The Newport Chartist rising
A mosaic depicting the Chartist riots in Newport
November 1839
The Chartist movement began in the late 1830s until the 1850s and involved ordinary men and women across Britain.
The movement focused on the six points of the People's Charter, which aimed to introduce universal male franchise (at a time when perhaps only one-fifth of adult males had the vote - essentially those drawn from the upper and middle classes) and a more equitable, participatory and democratic political system underpinned by a broader notion of citizenship.
The six points themselves were:
The vote for all men aged 21 and over - serious thought was given to campaigning for the vote for adult females but it was decided that this was tactically unwise, and not all Chartists were as fully enlightened as we might like them to have been
Equal electoral districts - to help equalise the value of the vote across constituencies
Payment of MPs - to enable working men to stand
No property qualification for MPs
The secret ballot - at this time voting was a public act and pollbooks were printed which recorded how people voted
Annual parliaments - at this time a general election was required only once every seven years which was felt to distance MPs from the people
The primary method by which the Chartists sought to achieve their goals was the mass petition submitted to Parliament.
Scholars have distinguished between 'moral' and 'physical' force Chartism: the first covered petitioning, mass meetings, attempting to gain election to Parliament, while the second implied a readiness to take up arms against the state.
The contrast between these two approaches can be overstated, many Chartists believed that the threat of force might be necessary to back up the moral pressure represented by the mobilisation of public opinion, but that did not necessarily mean that they would seriously contemplate rising in rebellion.
Some, however, particularly concentrated in the Monmouthshire and east Glamorgan valleys and in Newport itself, did.
The 'Rising' at Newport in November 1839 was the most serious manifestation of physical force Chartism in the history of the movement.
It is important to note that the Chartists were armed and ready to use force, they were not the passive victims of a massacre.
The Battle of the Westgate was a bloody and not especially brief struggle, but it clearly resulted in the defeat and confusion of the Chartists and discredited the physical force strategy.

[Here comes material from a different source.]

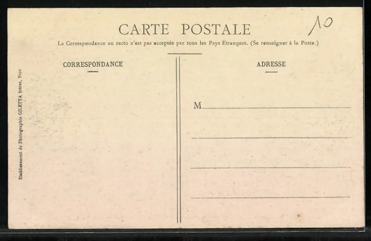 Personenbezogene Daten auf der Rückseite der Karte wurden durch blauen Textmarker unkenntlich gemacht. Die blauen Stellen sind auf die Vorderseite durchgeweicht und wirken sich negativ auf das Postkartenfoto aus

The subsequent trial for high treason of the Rising's leaders, their conviction, and the commutation of the sentence to transportation to Australia, went some way towards rescuing the cause in that it highlighted the dignity of John Frost in particular, and mobilised sympathy for those on trial.
It also clouded the historical record in that the defence case sought to deny that the Rising had been a genuine attempt at insurrection. After the Rising the Chartist movement continued in Newport and its hinterland but was never as strong or as threatening again.
None of the six points of the Charter were achieved during the lifetime of the movement, but five of the six have come to pass - the exception being annual parliaments - and full political equality for women was attained in two stages, in 1918 and in 1928.
The Chartists were ahead of their time in envisaging a much more democratic political system than the one that existed in nineteenth-century Britain.
There was much more to Chartism than the six points. This was a manifesto, an umbrella under which different campaigns and objectives could shelter. Many Chartists made improving the living standards of working people a priority: a more democratic and representative political system would be the means to achieve such an end. Some imagined a different economic system involving workers' control of industry. Others were attracted by utopian visions of communitarian societies. There were Chartist newspapers, Chartist churches, Chartist schools and Chartists who put as much energy into campaigning for temperance as for the People's Charter. It was a very wide-ranging and amorphous movement that embraced communities the length and breadth of Britain.
Those who opposed Chartism should not automatically be seen as self-serving villains. They often had good reasons for thinking that the time was not right for any or all of the six points. Yes there were those who simply did not wish to relinquish economic and political power, but there were others who felt that unleashing a mass electorate at a time of partial literacy and limited political education was a recipe for disaster.
The Mayor of Newport at the time of the Rising, Thomas Phillips, was a Liberal campaigner for reform, a philanthropist, paternalistic employer, dedicated Anglican and Welsh patriot and in many ways a far-sighted campaigner for a better future.
Newport Chartism involved many Welsh-speaking Chartists and many who might have felt patriotically Welsh. Although sometimes attempts have been made to force the Newport Rising into a nationalist mould, it is highly unlikely that the Chartists themselves would have understood this; Chartism was a British-wide movement focused on reforming the Westminster Parliament and there was no separatist current within it.
For the twenty-first century, the key values of the Chartist movement might be expressed like this:
Democracy - a political system that reflects the views and interests of the people
Equality - of all both in terms of political rights and of opportunities
Dignity - respect for all forms of labour
Participation - the idea that all have an opportunity and an obligation to contribute to debating the present and future of society
Community - that social and moral values can be understood best in a common, collective context
Co-operation - that much more can be achieved by working together across boundaries than by remaining isolated
Vision - a future that is worth championing and that offers positive hope for all
Chris Williams, Professor of History, Cardiff University.